Forse in Europa si è preferito far finta di niente perché si contava sul fatto che un accomodamento, alla fine, si sarebbe trovato; ma Bisignani, che è al timone della Iata da dieci anni, dice che l’Ue si fa delle illusioni: «Ho visto i cinesi cambiare. Anni fa erano concilianti, adesso si sentono cresciuti di forza e manifestano un’aggressività  non controllata. Non sono abituati a un confronto politico dialettico». A quanto sembra la politica europea delle emissioni di CO, fatta per anni in solitario, come se il resto del mondo non esistesse, o come se fosse destinato ad accodarsi in un secondo tempo, sta andando a sbattere contro un muro. Oltre alla Cina hanno già  detto no all’Ue gli Stati Uniti, la Russia, il Giappone, l’India, l’Australia e un centinaio di altri Paesi. Pechino è la prima a passare alle vie di fatto.

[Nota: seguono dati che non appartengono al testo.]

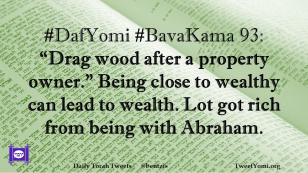 BavaKama, DafYomi #DafYomi #BavaKama 93 Date: February 4, 2024Author: netanelspitz #DafYomi #BavaKama 93: “Drag wood after a property owner.” Being close to wealthy can lead to wealth. Lot got rich from being with Abraham. Share this: Share on X (Opens in new window) X Share on Facebook (Opens in new window) Facebook Like Loading... Related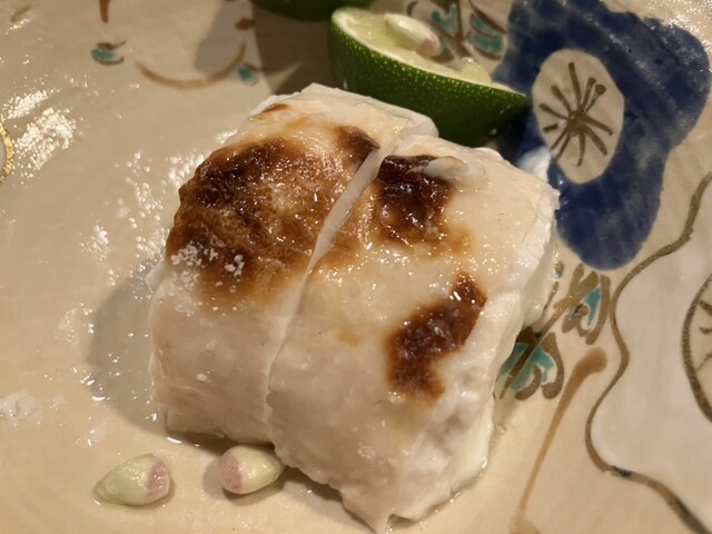 初めての訪問で粭コースを友人と2人の予約。まずは瓶ビール半分こで喉を潤し、そのあと凍結酒へ。料理の方は旬の富山のほたるイカ、煮凝りなどをいただいたあと、いよいよお刺身、唐揚げを食し、やっぱり今しか食べれない白子を追加オーダーさせてもらい友人とシェア(写真は半分です)。うーん、濃厚!お酒と合う合う。そのあとひれ酒に進み、ちり鍋、雑炊はもう身体の中に幸せがどんどん入っていく感じ。

Bisignani valuta che in gioco ci siano «diversi miliardi di euro» che le compagnie straniere dovrebbero pagare in Europa se il nuovo schema di compravendita delle emissioni entrasse in vigore. L’opinione che ne ha il direttore della Iata non è positiva: «In Europa dalle compagnie aeree vengono già  scremati in forma di tasse 5,4 miliardi di dollari l’anno, quando il totale degli utili di tutte le compagnie della Iata è stimato in 4 miliardi nel 2011. Il settore è già  sovraccarico di tasse». Non ha senso aggiungerne altre. I 4 miliardi di utili di quest’anno sono una frazione dei 18 miliardi del 2010 e sono calcolati supponendo un prezzo medio del petrolio di 110 dollari per barile.
Ma se il greggio arriva a 130 le compagnie vanno in rosso, e se il barile supera i 130 dollari è un bagno di sangue. «In dieci anni alla Iata sono stato costretto a sovrintendere al fallimento di 40 compagnie – dice Bisignani -. Ho paura che ci avviamo a un’altra crisi con decine di chiusure» se arriva un’altra scossa al mercato, come una nuova corsa del petrolio o una guerra commerciale Europa-Cina.
Eppure in dieci anni di gestione di Bisignani la Iata ha superato due grandi crisi (quella post-2001 e quella post-2008) aumentando la produttività  del lavoro del 67%, un tour de force ai limiti del possibile. «Dieci anni fa il punto di pareggio dei bilanci delle compagnie era col barile na 25 dollari, oggi è a 130» vanta il numero uno.
Ma a tutto c’è un limite. Fra l’altro, il traffico passeggeri globale è tornato sì ai livelli pre-crisi, ma nel frattempo c’è stata una redistribuzione delle quote di mercato e dei profitti, a danno di Europa e Nord America e a vantaggio delle compagnie aeree cinesi, di Singaporee di alcune mediorientali come Emirates.
A parziale riconoscimento di questa situazione, al posto di Bisignani, il cui mandato scade con questo convegno della Iata, verrà  preso (oggi l’investitura ufficiale) da un certo Tony Tyler che pur essendo europeo guida la Cathay Pacific di Hong Kong.Il baricentro sè è spostato lì.